Start of Block

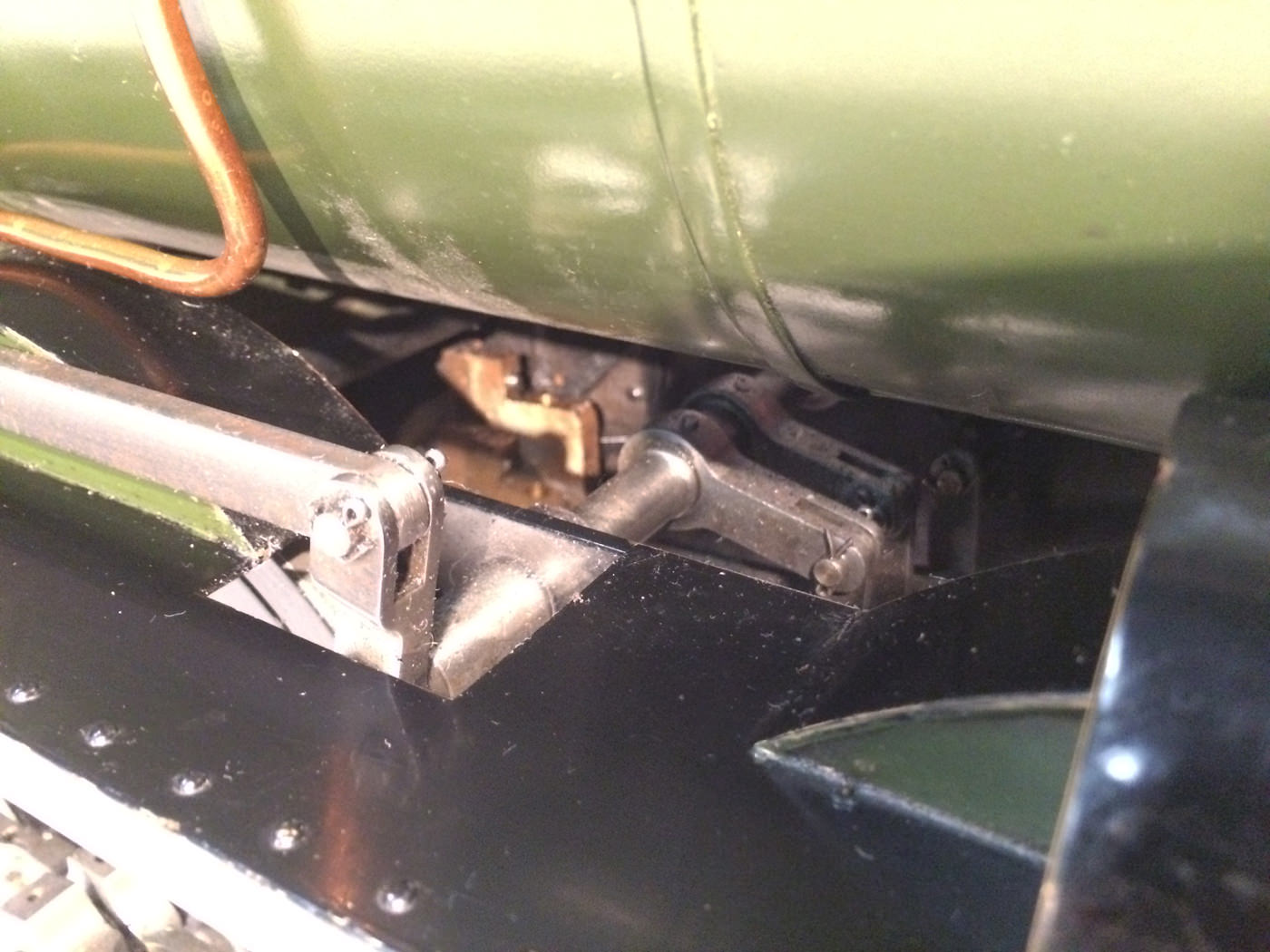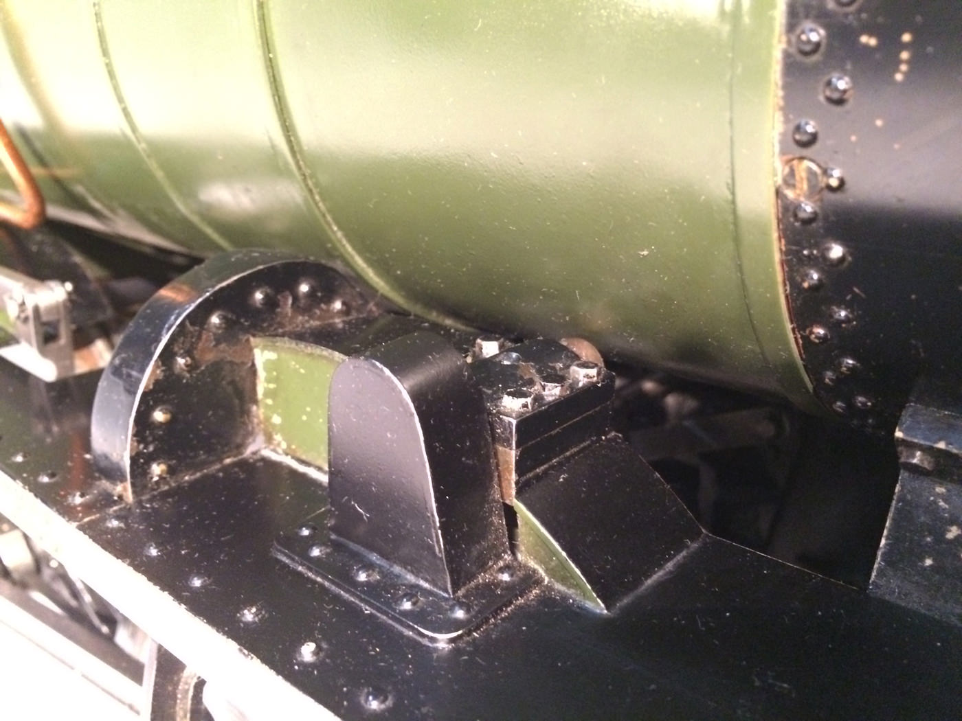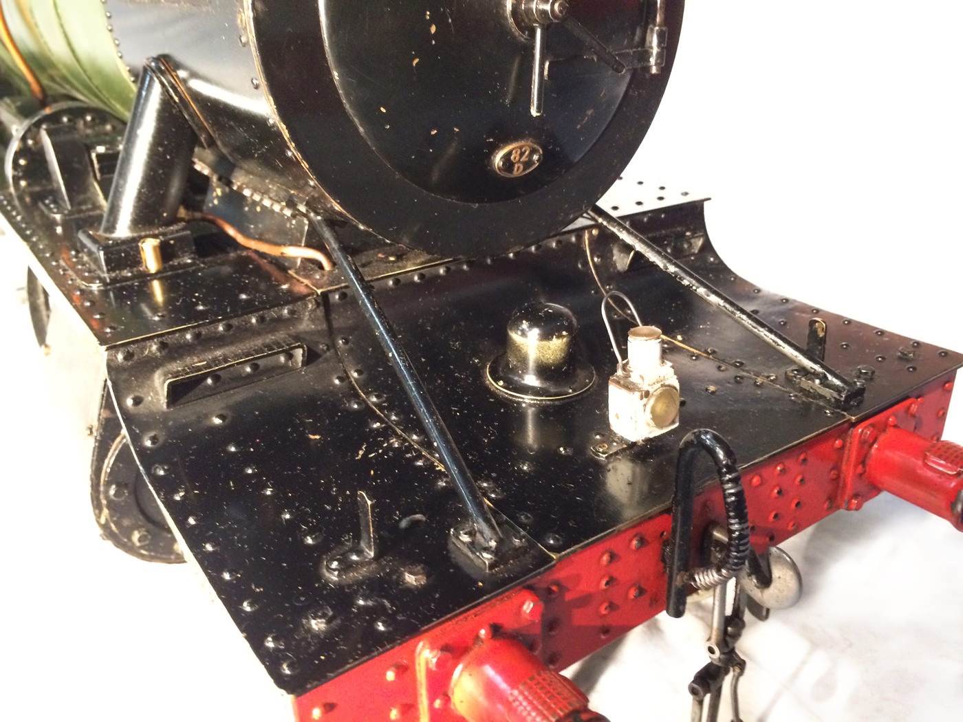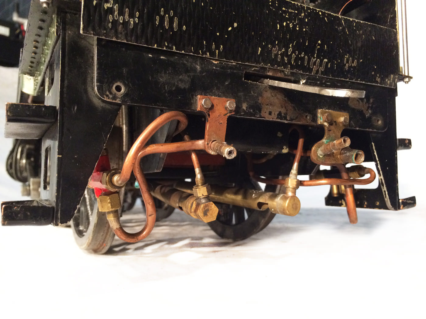 The paintwork was well done, and now (20 odd years on), is still in presentable condition, although it has a fair amount of scrapes and scratches consistent with a used model. It's got what an estate agent would call 'a nice patina', but for the rest of us, we will say that it's perfectly presentable, but would look great with a decent re-paint. (During which the copper top feed pipes could be hidden behind some nice cladding, or at the very least painted green to make the model look instantly much better)
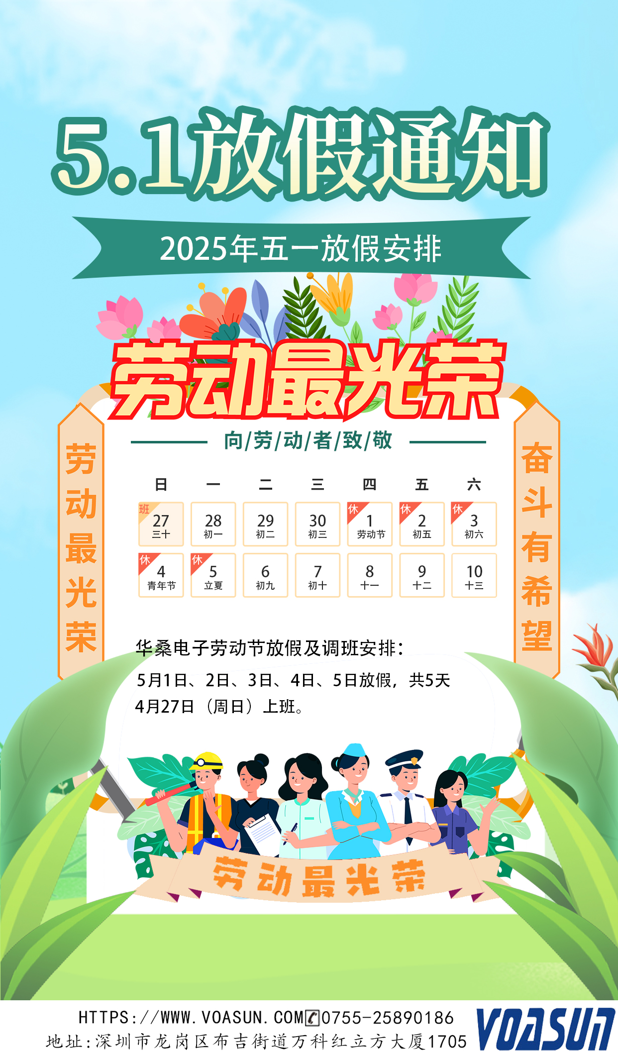 關(guān)于今年勞動節(jié)假期的安排如下:
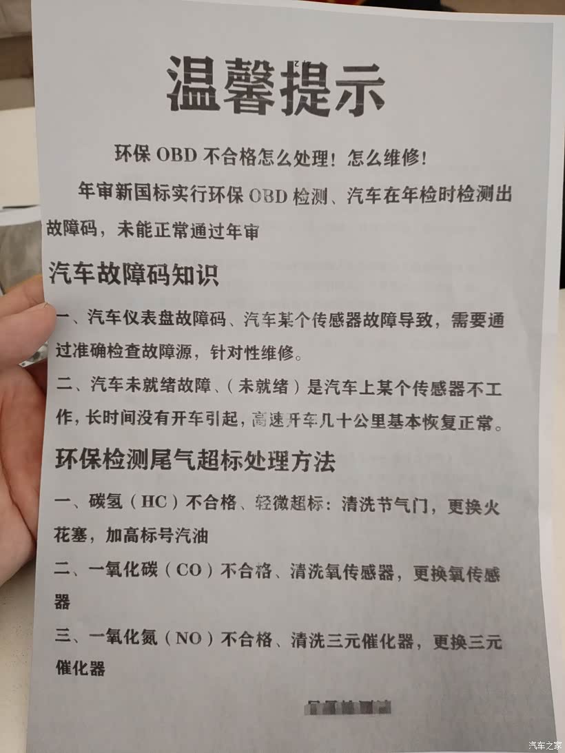 车辆检测站的一张提示说,obd未就绪是很常见的,建议跑一下高速
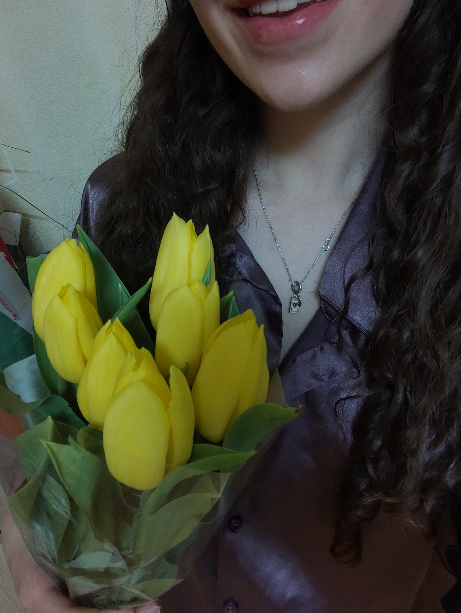 An indoor close-up photograph taken in the city of Sliven, Bulgaria, depicts a person holding a bouquet of yellow tulips. The subject's lower face, including a mouth with slightly parted, glossy pink lips revealing teeth, is visible, along with the chin, neck, and upper chest. Dark, curly hair frames the face and falls over the shoulders. The individual wears a dark purple or brown satin-like collared shirt with visible buttons. A silver chain necklace with a small pendant resembling an Ace of Hearts playing card, featuring an attached dark element, rests on the chest. The person's right hand, with visible fingers, grips the base of a bouquet containing approximately seven vibrant yellow, closed or partially opened tulips with prominent green leaves, encased in clear plastic wrapping. The background consists of a light, possibly pale green, textured wall.
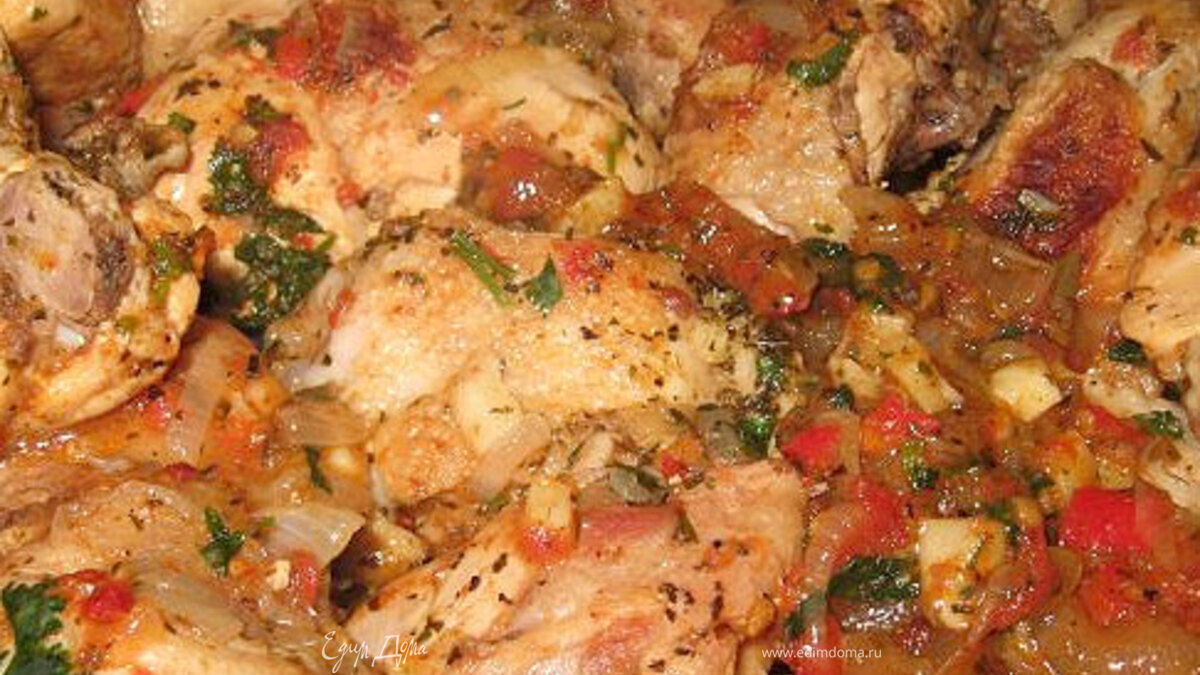 - Шаг 1Этому рецепту меня научила грузинка. Именно так они делали в своем доме. Курица, помидоры, лук, зелень. И никакой картошки. Порезать лук полукольцами, отправить в казан на небольшой огонь, он должен стать прозрачным, не не пригореть. С кусочков курицы снять кожу, обжарить в сковородке на сильном огне, добавить к луку. Залить горячей водой, засыпать специями, тушить под крышкой. Помидоры залить кипятком, снять кожу, порезать полупластинками, добавить в казан минут через 20. Еще через 20 минут туда же положить свежей зелени и тушить еще минут 20-30. Дать настояться.
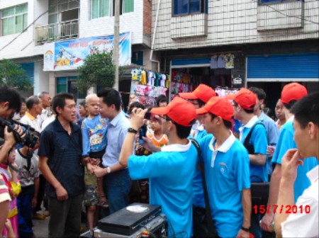 “三下乡”社会实践团队来到了四川省宣汉县花池乡进行留守儿童调研。当天正值花池乡赶集,路过花池乡初级中学门口的时候看到乡亲正在挂“乡情关爱他,捐助胡志佳”的横幅,带队老师上前具体了解情况之后,决定延缓原有调研计划,组织队员全力投入到爱心募捐活动之中,四位计算机专业同学发挥专业优势,帮助宣汉电视台媒体朋友进行设备调试,其他队员兵分两路,沿街实地走访和宣传胡志佳的病情和家庭情况,大力号召乡亲们对其进行帮助,宣传影响面达600多人,同学们耐心的讲解和真挚的感情征得了当地老百姓的认同和支持。接着,兔子先生
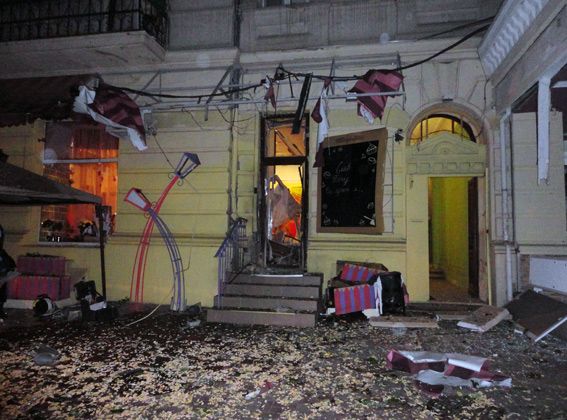 Пресс-служба МВД сообщает, что в результате взрыва повреждены входные двери, фасад кафе, выбиты стекла в квартирах над рестораном. Мощность взрывного устройства составило 450-600 граммов в тротиловом эквиваленте.
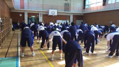 6時20分に起床し、2日目の活動が始まりました。ベッドの毛布をきちんとたたみ、身の回りを片付けたあと、体育館で『朝の集い』を行いました。生徒代表の朝のあいさつに引き続き、各クラスの体育委員の模範演技のもと、皆でラジオ体操を行いました。保健委員の健康観察に、体調不良を訴える生徒はおらず、みんな元気に活動中とのことです。先生方から諸注意・諸連絡を受けて、『朝の集い』は終了。この後、7時30分から朝食をとる予定です。
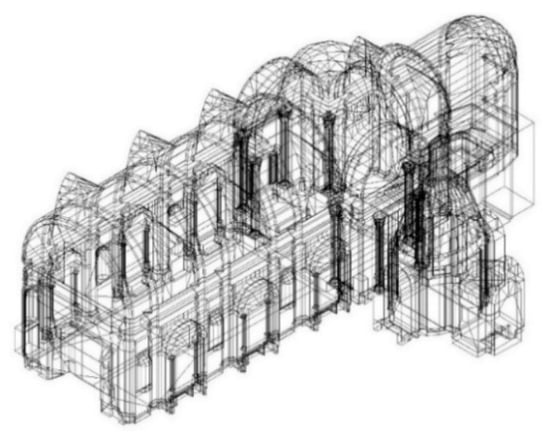 Both the churches of S. Dominic have a plan layout of a single nave, surmounted by a barreled vault in Imola and by a gable trussed roof in Foligno []. The linearity of the nave, very accentuated in Foligno, is disrupted in Imola by the presence of framed niches at the side walls. The apse is edged for both churches, in the shape of a half decahedron in Imola and half dodecahedron in Foligno. Furthermore, at the east side of the transept of S. Dominic of Imola there is a coupled volume, composed of the chapel of the Rosary, which has a shape of an oval cylinder covered by an elliptical dome in baroque style []. Table 1 below summarizes the different features inside the two churches.
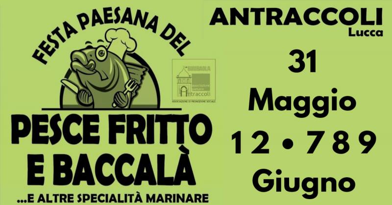 Il paese di Antraccoli, a pochi chilometri da Lucca, famoso per la sua sagra del pioppino con la polenta si cimenta, per la versione estiva, con il pesce. Fritto misto e Baccalà al forno sono i piatti più richiesti ma nel menù ci sono anche una gustosa zuppa di polpetti, l'impepata di cozze, gli spaghetti allo scoglio e le classiche specialità alla brace.
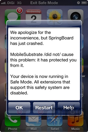 กรณีที่จะเกิดเหตุการณ์นี้เช่น ดาวน์โหลด Cydia แอปฯ ที่เวอร์ชันเก่าและยังไม่รองรับ iOS ล่าสุดหรือเวอร์ชันที่ติดตั้งลงเครื่อง ฉะนั้นอาจจะส่งผลให้บูตเข้าเครื่องไม่ได้เลย
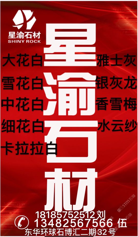 星渝石材主營 香雪梅 大花白 雅士灰 中花白 卡拉拉白 細花白
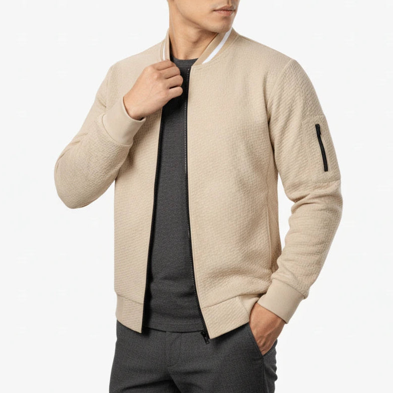 Meticulously crafted with a textured finish and clean silhouette, its lightweight structure is a masterclass in transitional sophistication. This isn't just a bomber for a season, but an investment in your personal legacy—a signature piece for the discerning gentleman who understands that true refinement is never loud, but always present.
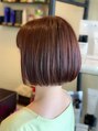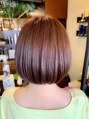 あごラインのナチュラルボブのベースに淡い紫をミックスしたピンクカラーで暖色系でも重くならず透明感のあるスタイルに★

End of Block

• [EXERCISE AIM] Transcribe the full listing above exactly, with the images removed.

• [SOLUTION TO THIS TASK]
 The paintwork was well done, and now (20 odd years on), is still in presentable condition, although it has a fair amount of scrapes and scratches consistent with a used model. It's got what an estate agent would call 'a nice patina', but for the rest of us, we will say that it's perfectly presentable, but would look great with a decent re-paint. (During which the copper top feed pipes could be hidden behind some nice cladding, or at the very least painted green to make the model look instantly much better)
 關(guān)于今年勞動節(jié)假期的安排如下:
 车辆检测站的一张提示说,obd未就绪是很常见的,建议跑一下高速
 An indoor close-up photograph taken in the city of Sliven, Bulgaria, depicts a person holding a bouquet of yellow tulips. The subject's lower face, including a mouth with slightly parted, glossy pink lips revealing teeth, is visible, along with the chin, neck, and upper chest. Dark, curly hair frames the face and falls over the shoulders. The individual wears a dark purple or brown satin-like collared shirt with visible buttons. A silver chain necklace with a small pendant resembling an Ace of Hearts playing card, featuring an attached dark element, rests on the chest. The person's right hand, with visible fingers, grips the base of a bouquet containing approximately seven vibrant yellow, closed or partially opened tulips with prominent green leaves, encased in clear plastic wrapping. The background consists of a light, possibly pale green, textured wall.
 - Шаг 1Этому рецепту меня научила грузинка. Именно так они делали в своем доме. Курица, помидоры, лук, зелень. И никакой картошки. Порезать лук полукольцами, отправить в казан на небольшой огонь, он должен стать прозрачным, не не пригореть. С кусочков курицы снять кожу, обжарить в сковородке на сильном огне, добавить к луку. Залить горячей водой, засыпать специями, тушить под крышкой. Помидоры залить кипятком, снять кожу, порезать полупластинками, добавить в казан минут через 20. Еще через 20 минут туда же положить свежей зелени и тушить еще минут 20-30. Дать настояться.
 “三下乡”社会实践团队来到了四川省宣汉县花池乡进行留守儿童调研。当天正值花池乡赶集,路过花池乡初级中学门口的时候看到乡亲正在挂“乡情关爱他,捐助胡志佳”的横幅,带队老师上前具体了解情况之后,决定延缓原有调研计划,组织队员全力投入到爱心募捐活动之中,四位计算机专业同学发挥专业优势,帮助宣汉电视台媒体朋友进行设备调试,其他队员兵分两路,沿街实地走访和宣传胡志佳的病情和家庭情况,大力号召乡亲们对其进行帮助,宣传影响面达600多人,同学们耐心的讲解和真挚的感情征得了当地老百姓的认同和支持。接着,兔子先生
 Пресс-служба МВД сообщает, что в результате взрыва повреждены входные двери, фасад кафе, выбиты стекла в квартирах над рестораном. Мощность взрывного устройства составило 450-600 граммов в тротиловом эквиваленте.
 6時20分に起床し、2日目の活動が始まりました。ベッドの毛布をきちんとたたみ、身の回りを片付けたあと、体育館で『朝の集い』を行いました。生徒代表の朝のあいさつに引き続き、各クラスの体育委員の模範演技のもと、皆でラジオ体操を行いました。保健委員の健康観察に、体調不良を訴える生徒はおらず、みんな元気に活動中とのことです。先生方から諸注意・諸連絡を受けて、『朝の集い』は終了。この後、7時30分から朝食をとる予定です。
 Both the churches of S. Dominic have a plan layout of a single nave, surmounted by a barreled vault in Imola and by a gable trussed roof in Foligno []. The linearity of the nave, very accentuated in Foligno, is disrupted in Imola by the presence of framed niches at the side walls. The apse is edged for both churches, in the shape of a half decahedron in Imola and half dodecahedron in Foligno. Furthermore, at the east side of the transept of S. Dominic of Imola there is a coupled volume, composed of the chapel of the Rosary, which has a shape of an oval cylinder covered by an elliptical dome in baroque style []. Table 1 below summarizes the different features inside the two churches.
 Il paese di Antraccoli, a pochi chilometri da Lucca, famoso per la sua sagra del pioppino con la polenta si cimenta, per la versione estiva, con il pesce. Fritto misto e Baccalà al forno sono i piatti più richiesti ma nel menù ci sono anche una gustosa zuppa di polpetti, l'impepata di cozze, gli spaghetti allo scoglio e le classiche specialità alla brace.
 กรณีที่จะเกิดเหตุการณ์นี้เช่น ดาวน์โหลด Cydia แอปฯ ที่เวอร์ชันเก่าและยังไม่รองรับ iOS ล่าสุดหรือเวอร์ชันที่ติดตั้งลงเครื่อง ฉะนั้นอาจจะส่งผลให้บูตเข้าเครื่องไม่ได้เลย
 星渝石材主營 香雪梅 大花白 雅士灰 中花白 卡拉拉白 細花白
 Meticulously crafted with a textured finish and clean silhouette, its lightweight structure is a masterclass in transitional sophistication. This isn't just a bomber for a season, but an investment in your personal legacy—a signature piece for the discerning gentleman who understands that true refinement is never loud, but always present.
 あごラインのナチュラルボブのベースに淡い紫をミックスしたピンクカラーで暖色系でも重くならず透明感のあるスタイルに★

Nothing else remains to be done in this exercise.